KnigaRead.com/
KnigaRead.com » Проза » Современная проза » Николай Нароков - Мнимые величины

Николай Нароков - Мнимые величины

На нашем сайте KnigaRead.com Вы можете абсолютно бесплатно читать книгу онлайн Николай Нароков, "Мнимые величины" бесплатно, без регистрации.
Перейти на страницу:

— Так ведь это же только три дня тому назад! Какая же такая прошлая неделя? Сегодня ведь только двадцать второе, понимаете? — подчеркивая каждое слово, с настойчивой убедительностью сказал Кораблев, слегка взмахивая руками. — Что ж вы думаете? Неужели за три дня можно и следствие окончить, и обвинение оформить, и приговор вынести? Чушь! Такого быть не может! Ведь это они просто-напросто вас разыгрывают, напугать и подавить хотят… Не поддавайтесь! Чушь! Чушь и ерунда, головой ручаюсь!

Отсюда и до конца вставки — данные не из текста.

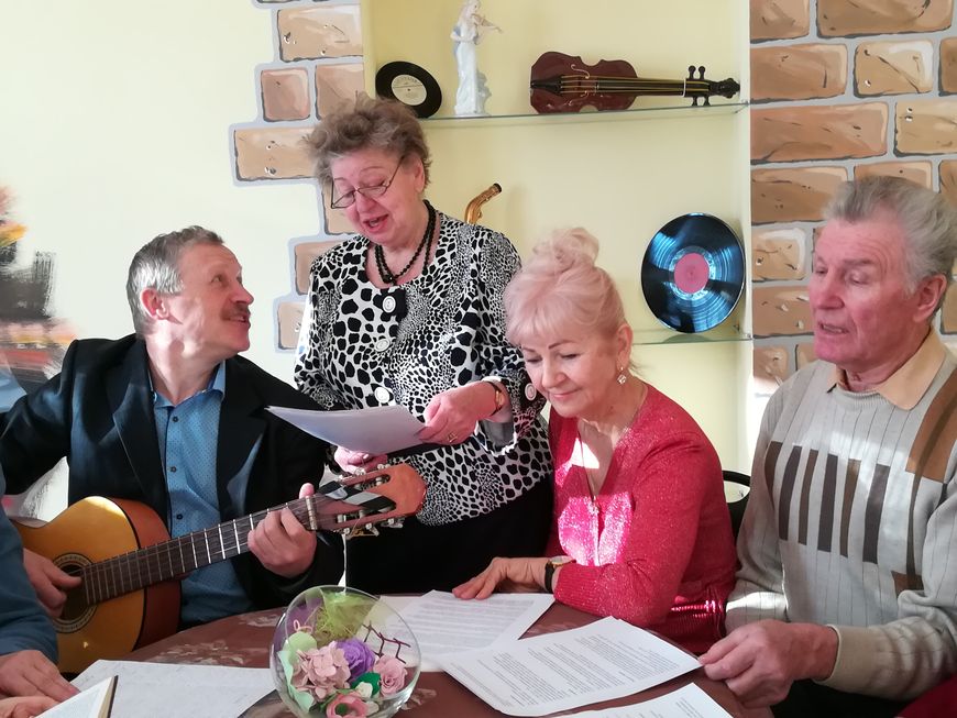 Елена Иванеева - педагог со стажем, она много лет проработала учителем труда и педагогом-организатором. Рукоделие и сценическая деятельность для нее не в новинку, но занятия в ОДПП дают ей не только бодрость тела и духа, но и душевное общение. Ее супруг хоть и не посещает отделение, но все равно помогает во всем: отвезет, куда нужно, стоит только попросить, поможет с оформлением интерьера, а еще на первом этаже отделения разместилась его и жены фотовыставка.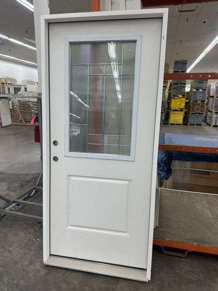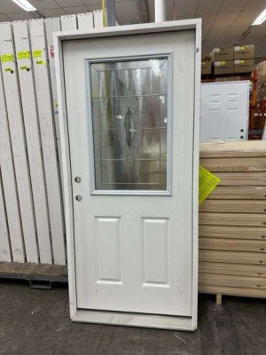 Fiberglass Decorative Entrance Door 36"x80" Right Hand. 22"x36" Decorative Glass, Actual Size: 37 1/4"x81", 4 9/16", Pre Hung, Grade: B Weight: x. Sold by: Door. Sold as: Price x Quantity.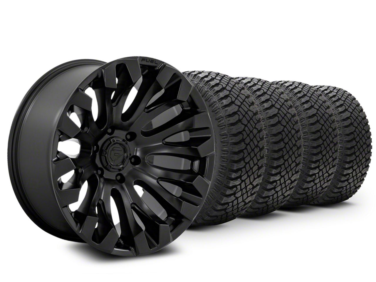 Mounted and Balanced Wheel and Tire Kit. This wheel and tire combo kit features (4) 20x10 Fuel Wheels Quake Blackout 5-Lug Wheels and (4) Atturo All-Terrain Trail Blade X/T 305/55R20 tires that have been put together into an easy to buy kit that arrives to your door already mounted and balanced ready to be installed on your vehicle.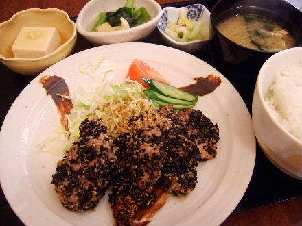 豚ヒレごま焼き。Grilled pork with sesame seed, 800yen. A cute little shop with the madam cooking everything and a girl serving. Food is home-made style and very healthy-tasting.

— А более ценного ручательства у вас нет? — фыркнул Зворыкин. — Нашли чем ручаться!

— Эк! — досадливо отмахнулся Кораблев. — Вы, вместо того чтобы… чтобы… Что за юмор висельника такой, не понимаю! Вы лучше поддержали бы человека, разъяснили бы ему… Здесь ведь как? — повернулся он к Григорию Михайловичу и заговорил тоном учителя, терпеливо объясняющего ученику несложную теорему. Порядок ведь здесь такой…

Он начал очень обстоятельно, толково и старательно разъяснять Григорию Михайловичу «порядок». Григорий Михайлович со страшным напряжением слушал его и чувствовал, как его успокаивает тон Кораблева, его напористая убедительность, настойчивая и укладистая вразумительность.

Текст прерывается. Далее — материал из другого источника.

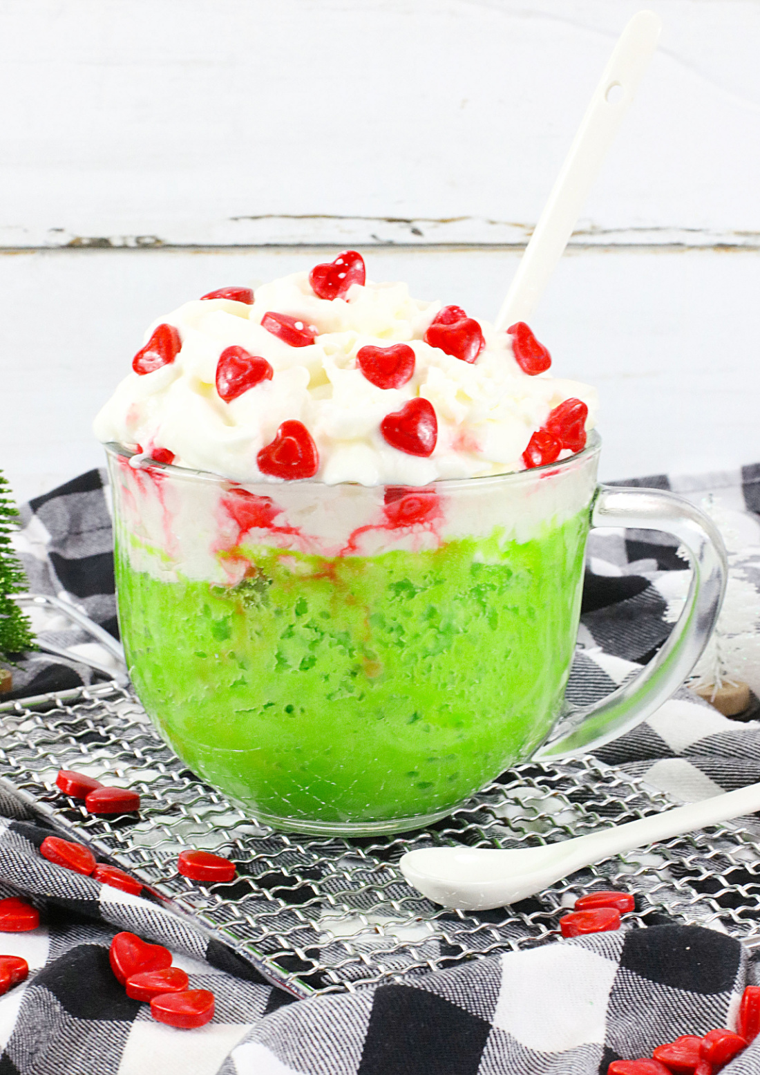 Clear mug with green dessert like a Grinch Mug Cake, topped with whipped cream and heart-shaped red candies on a black and white checkered cloth. A white spoon rests beside the mug, while a small tree decoration adds charm to this easy mug cake recipe scene.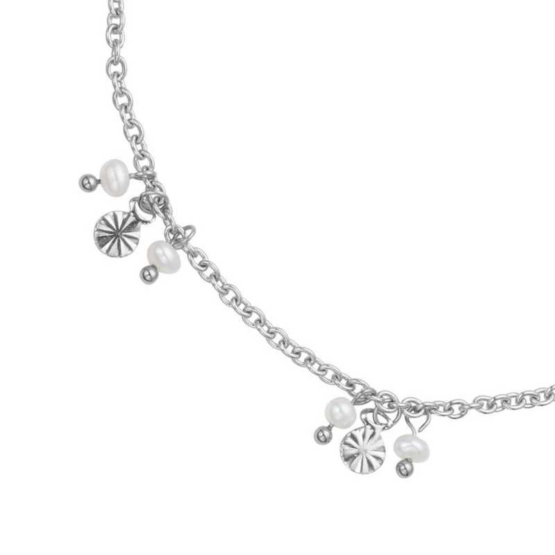 Feminin ankelkæde i stål med ferskvandskulturperle.
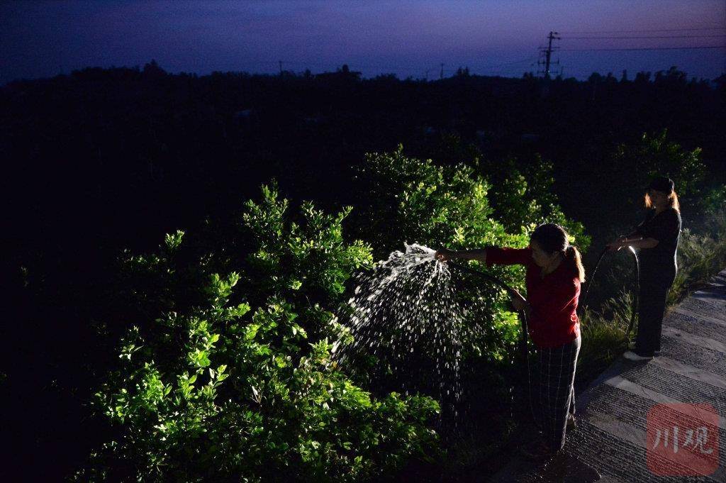8月17日凌晨,唐春蓉血橙种植园里的温度依然高达32℃,果农们戴着头灯穿梭在种植园里,连夜安装喷灌设备。漆黑的林间又湿又热,不一会儿,他们的衣衫就全被汗水湿透了。铺管、焊接、抽水……直到清晨6时30分,种植园里的大面积喷灌设备终于开始运作了,看着喷头旋转着喷射出水花,唐春蓉紧皱的眉头终于舒展开来。目前,资中县建成了全国最大的血橙生产基地,种植面积达到30万亩,产量达到41万吨,占全省的80%、全国的60%。今年夏天,有许多像唐春蓉一样的血橙种植户正在积极开展生产自救,抗旱保收。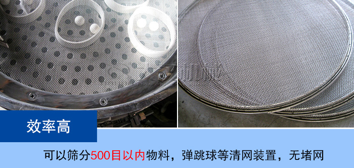 雙層旋振篩可以篩分500目以內粉狀及顆粒狀物料,也可過濾5微米的漿液物料,篩分除雜效果好,,每小時可以處理1-5噸左右的物料,另外,我們的雙層旋振篩還加裝了彈跳球等清網裝置,設備無明顯的堵網現象,篩分效率高。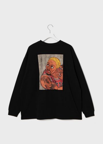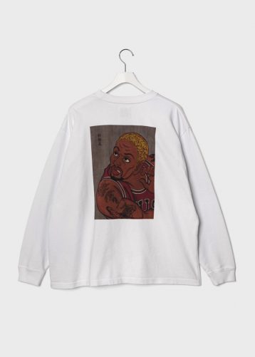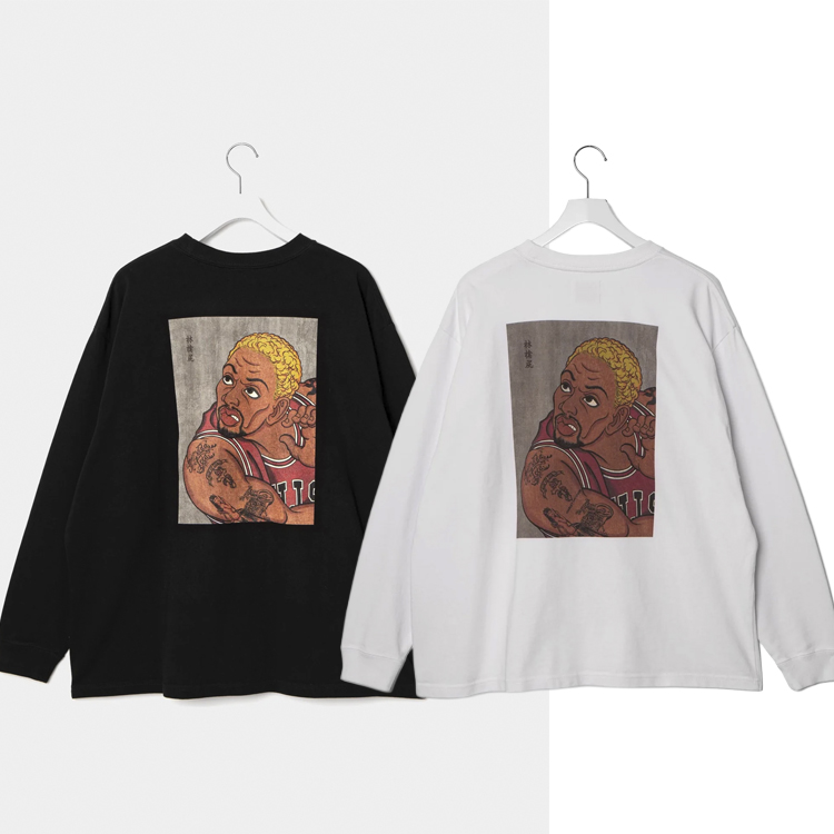 プロスポーツ界で異彩を放ち、その自由奔放なライフスタイルでも注目を集めた“異端児”WORMを、浮世絵の世界観で描いたグラフィックをバックに落とし込んだロングスリーブTシャツ。

— Да, да! — повторял он. — Да! Вы думаете, что это ерунда? И в той камере мне то же говорили, но…

— Даже и «но» не может быть! Никакого «но» не может быть! — еще убедительнее подхватил Кораблев. — Ведь это же яснее, чем дважды два: следственный прием, безбожный трюк, психологический Жоркин ящик!.. Слыхали о таком аппарате? Нет, уж вы не поддавайтесь! — мягко, почти нежно попросил Кораблев и прикоснулся концами пальцев к локтям Григория Михайловича, как будто обнимая его. — Очень, очень прошу вас: будьте спокойны и уверенны! — как о личном большом одолжении, просил он.

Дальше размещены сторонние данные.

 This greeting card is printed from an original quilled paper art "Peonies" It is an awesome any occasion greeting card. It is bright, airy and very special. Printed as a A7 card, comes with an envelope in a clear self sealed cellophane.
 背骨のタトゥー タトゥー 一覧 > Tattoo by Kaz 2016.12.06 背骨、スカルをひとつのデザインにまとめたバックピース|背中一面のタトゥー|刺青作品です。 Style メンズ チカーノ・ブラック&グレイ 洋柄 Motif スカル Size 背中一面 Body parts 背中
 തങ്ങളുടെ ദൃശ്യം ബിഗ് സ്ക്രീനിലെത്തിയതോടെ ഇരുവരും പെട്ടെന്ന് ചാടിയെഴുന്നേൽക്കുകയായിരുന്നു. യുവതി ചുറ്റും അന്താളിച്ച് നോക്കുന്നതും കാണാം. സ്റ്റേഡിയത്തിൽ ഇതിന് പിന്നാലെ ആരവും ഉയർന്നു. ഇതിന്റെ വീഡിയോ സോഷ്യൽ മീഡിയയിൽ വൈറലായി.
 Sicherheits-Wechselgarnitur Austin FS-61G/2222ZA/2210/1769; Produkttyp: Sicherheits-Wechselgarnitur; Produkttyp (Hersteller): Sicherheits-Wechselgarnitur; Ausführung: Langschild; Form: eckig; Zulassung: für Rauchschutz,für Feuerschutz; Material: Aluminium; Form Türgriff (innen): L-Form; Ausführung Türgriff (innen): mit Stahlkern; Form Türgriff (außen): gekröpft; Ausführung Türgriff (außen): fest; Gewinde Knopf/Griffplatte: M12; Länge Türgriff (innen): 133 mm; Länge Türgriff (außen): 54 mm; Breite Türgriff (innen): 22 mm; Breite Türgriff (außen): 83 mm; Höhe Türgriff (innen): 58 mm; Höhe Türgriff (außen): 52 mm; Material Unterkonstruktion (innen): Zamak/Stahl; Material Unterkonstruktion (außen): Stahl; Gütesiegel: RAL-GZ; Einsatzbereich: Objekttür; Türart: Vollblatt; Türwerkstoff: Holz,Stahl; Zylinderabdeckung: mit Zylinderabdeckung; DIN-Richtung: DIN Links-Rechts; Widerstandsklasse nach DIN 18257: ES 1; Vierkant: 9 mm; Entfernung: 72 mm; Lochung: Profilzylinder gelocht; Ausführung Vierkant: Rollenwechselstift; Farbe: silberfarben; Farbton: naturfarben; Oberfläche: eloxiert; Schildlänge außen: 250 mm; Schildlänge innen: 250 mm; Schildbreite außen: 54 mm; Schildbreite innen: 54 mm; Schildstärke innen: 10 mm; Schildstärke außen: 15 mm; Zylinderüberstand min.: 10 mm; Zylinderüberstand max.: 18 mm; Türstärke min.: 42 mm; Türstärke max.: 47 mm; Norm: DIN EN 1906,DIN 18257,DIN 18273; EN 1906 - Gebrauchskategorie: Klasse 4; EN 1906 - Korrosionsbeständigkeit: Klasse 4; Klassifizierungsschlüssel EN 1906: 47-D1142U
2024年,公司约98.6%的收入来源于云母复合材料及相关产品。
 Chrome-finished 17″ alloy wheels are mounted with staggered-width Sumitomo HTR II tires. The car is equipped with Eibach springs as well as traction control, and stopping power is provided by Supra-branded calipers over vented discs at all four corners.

Григорий Михайлович облегченно задвигался на месте, даже заулыбался и стал говорить, что он и сам «вот точно так же» думает и что он «психологически крепок». Кораблев слушал, поддакивал каждому слову и время от времени оглядывался на остальных, словно приглашая их поддержать его. Но все разбрелись по своим местам. Ведь даже здесь, в камере смертников, каждый создавал «свое место» и именно на этом «своем месте» чувствовал себя не то чтобы «дома», но все же близко к этому «дома», «у себя». Кораблев, видя, что его слова немного успокоили Григория Михайловича, тоже отошел к своему месту и сел там. Все молчали, углубленные в себя, ищущие в себе сил и помощи. Если же кто-нибудь начинал говорить или спрашивать, то ему отвечали односложно, коротко.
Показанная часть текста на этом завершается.